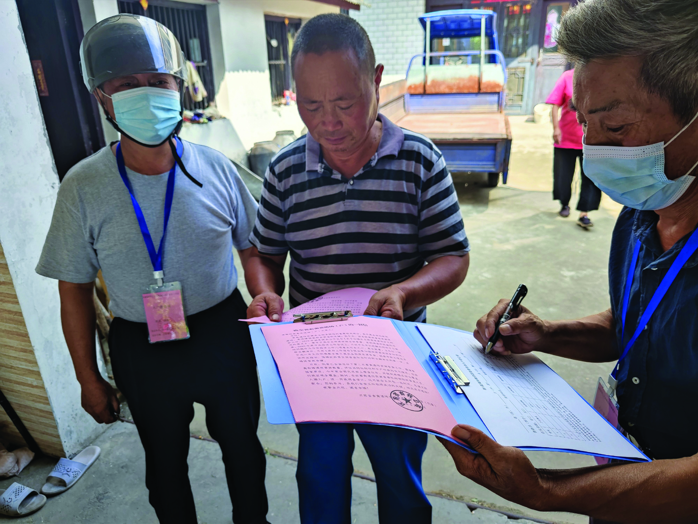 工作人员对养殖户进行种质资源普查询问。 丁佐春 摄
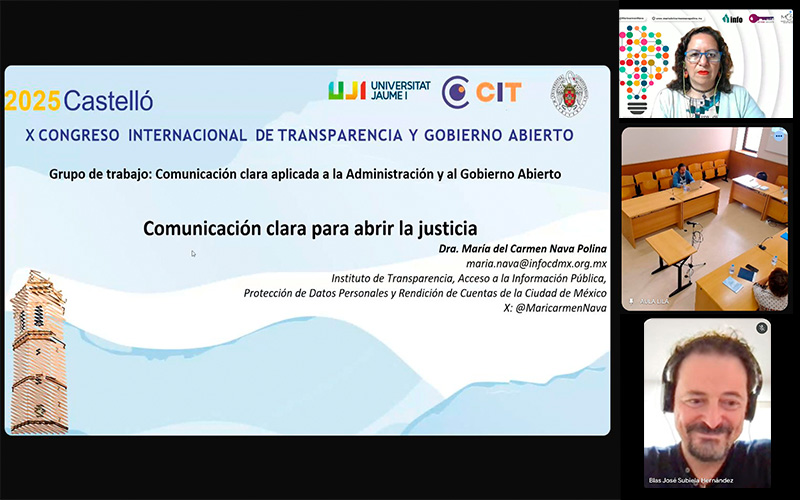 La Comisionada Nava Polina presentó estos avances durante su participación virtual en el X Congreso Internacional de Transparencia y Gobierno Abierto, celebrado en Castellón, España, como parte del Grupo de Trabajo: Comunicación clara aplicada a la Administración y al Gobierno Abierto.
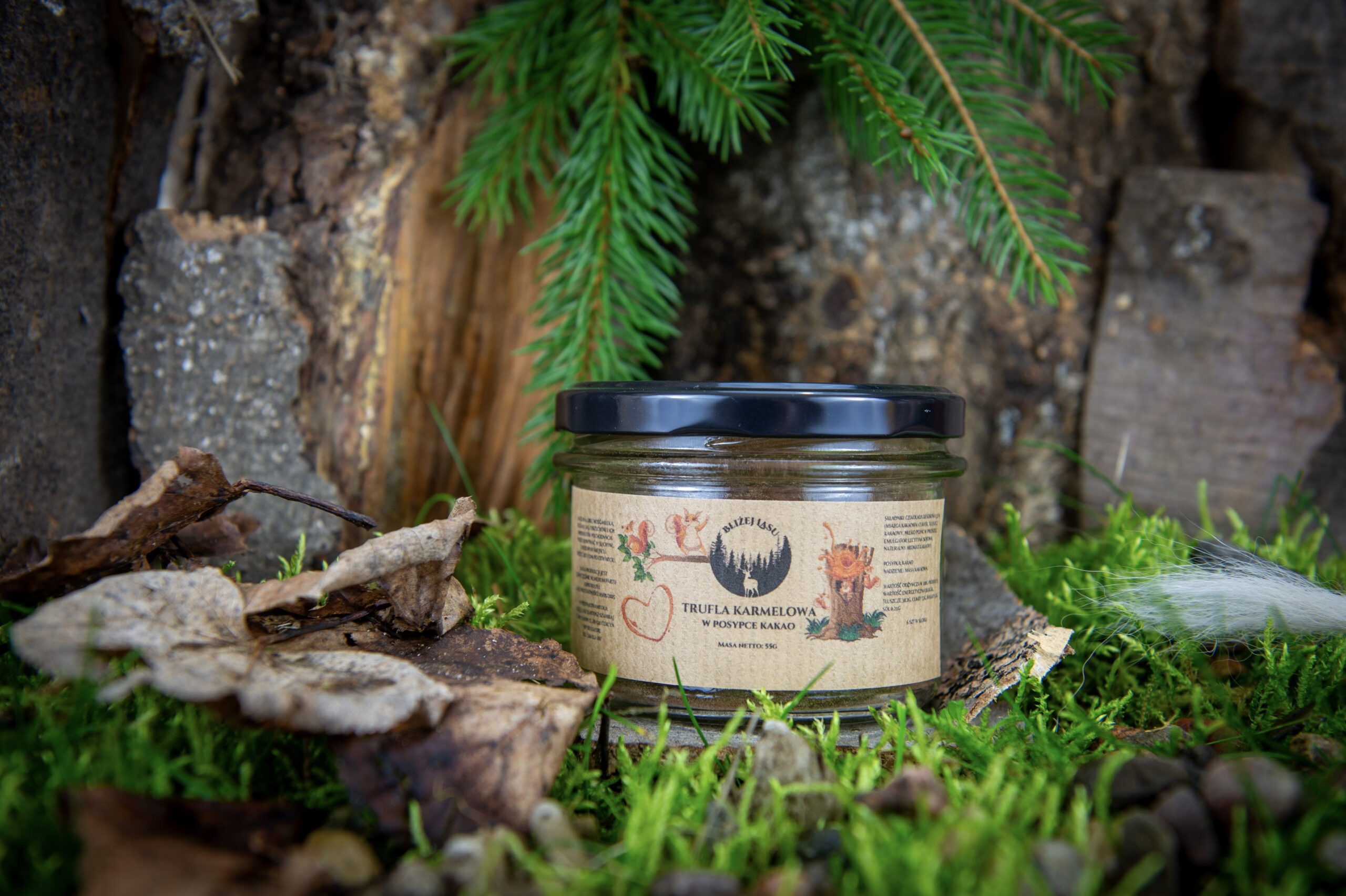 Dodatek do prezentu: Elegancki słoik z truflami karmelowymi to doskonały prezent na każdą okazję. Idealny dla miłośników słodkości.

**INSTRUCTIONS FOR THE TASK**.
Print the data above verbatim from the first line through the line holding "La Comisionada Nava", leaving every picture out.

**ANSWER**.
 工作人员对养殖户进行种质资源普查询问。 丁佐春 摄
 La Comisionada Nava Polina presentó estos avances durante su participación virtual en el X Congreso Internacional de Transparencia y Gobierno Abierto, celebrado en Castellón, España, como parte del Grupo de Trabajo: Comunicación clara aplicada a la Administración y al Gobierno Abierto.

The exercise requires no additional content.